The girl was back. According to Cori’s calculations, the girl had been in Anthony’s room four times in the past two weeks, and no other woman had been in there at all. As far as Cori was concerned, this was a bad sign. Cori always knew when the girl was in Anthony’s rooms. She could hear her brother’s voice, and nothing in response. The girl couldn’t talk without putting people to sleep, which Cori considered to be a good thing. If the girl could talk to her, and tried to, Cori would be tempted to do something that would only upset Anthony.
Normally when Anthony’s company bothered Cori, she could put on her headphones and go back to work with her experiments. Not when the girl was there. Nothing could drive the silence out of her head, but the silence drove Cori instead. Without a word, or putting anything away, or picking anything up, Cori left. Rain was drumming against the roof, and Cori wished that it could wash her mind clean from the hateful thoughts that swirled in the familiar emptiness. Tonight there was no relief.
There was only one place Cori could go in this dimension that hadn’t been ruined for her, that the girl couldn’t take away. Pushing out of a door and into the rain, Cori made her stumbling way to her greatest friend in the world.

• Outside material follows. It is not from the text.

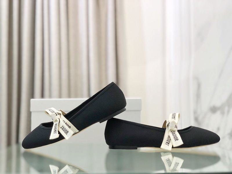 セール新作ディオール “Miss B”バレエフラットシューズ コピー ブラック テクニカルファブリック deu05038

It was still quiet, but a silence filled with water, and movement, and cleanliness rather than the ugly hatred that was swamping her at every turn.
“Ezra.”  Slowly Cori clambered onto the base of the forgotten statue that lurked in the shadows of the school. Fortunately, he was here, and she perched at the base of the statue, her head leaning against his leg- mindless of his undressed state. “I am a very screwed up individual.”
It wasn’t a plea for pity, but rather a cold fact. She sighed, rubbing her cheek against the wet metal, as though she were seeking comfort from the inanimate object. Which, she supposed, she was. “I’m broken, you know. It happened when Mom fell down the stairs. I could have reached her.  Could have stepped down one step, and grabbed her hand. But when I stepped, I tripped the line. I stepped out of the dimension, and Mom died because of me. That lady laying in bed isn’t my Mom. The fall changed her.”
Cori dropped her arms, filled with disgust and shame. “On the inside, I’m still nine. I can’t seem to grow up, or even want to. I’m like stupid Peter Pan. I can’t do experiments- I don’t even know how! I only ever made it through physics. I can’t even read that well. My notes might as well be gibberish. I wish Anthony were still thirteen sometimes. I wish I could be nineteen.” With an irritated motion, she flung the lab coat she wore to the ground, shivering in the cold rain.
“I knew I couldn’t be a good student, or a normal adult. I just wanted to be a good sister, you know? I wanted Anthony to be proud of me, so I helped him with the girls. I made his little black book, and buy him stuff, and wash his sheets. I worried that he would get sick. I wanted him to find love. I never wanted him to have a reason to leave me.” Cori slid off of the statue, her dark blue eyes as watery as everything else that was outside.
“He loves the girl. I know he does, because until the girl showed up nobody knew Anthony better than me.” She sniffled, rubbing her arms. “He wants me to like her. He wants me to be happy. But I can’t, Ezra. Because for me to be happy, he can’t be.  I’m only good at being a sister. That means he has to be happy, and so I have to leave.”
Cori reached up, her hand caressing her friend’s leg. “I bet you think you’ve been violated again. I only wanted to say goodbye, ‘cause I have to go home. I need to learn how to grow up. Anthony needs me to. Maybe someday, I can come back to see my nieces and nephews. Maybe by then I can love you like I want to. For now, though, I have to find a way to fix me. I can’t stay nine forever.”
Reaching into her back pocket, Cori produced a letter wrapped in plastic, Anthony’s name scrawled across the front. “Can you see that he gets this?”
Then she smiled, stepped back, and disappeared.
---------
Anthony,
I’m glad you found her. Really. I decided to go home, by the way. I needed you to be happy, and you needed me to grow up. I can’t do that around you. I love you, you know. I love you because you’re the greatest big brother in the world, and you didn’t mind that I was broken. Enjoy the girl. Love her, and treat her right. I know you can. Give Mom and Dad my love at Christmas. Sometime when you’re sleeping, I’ll drop by with my present for them.
My love always,
Agatha.
P.S. Give the girl my room. Just tell her to mind the Chemistry set. I can’t remember what I put in there last.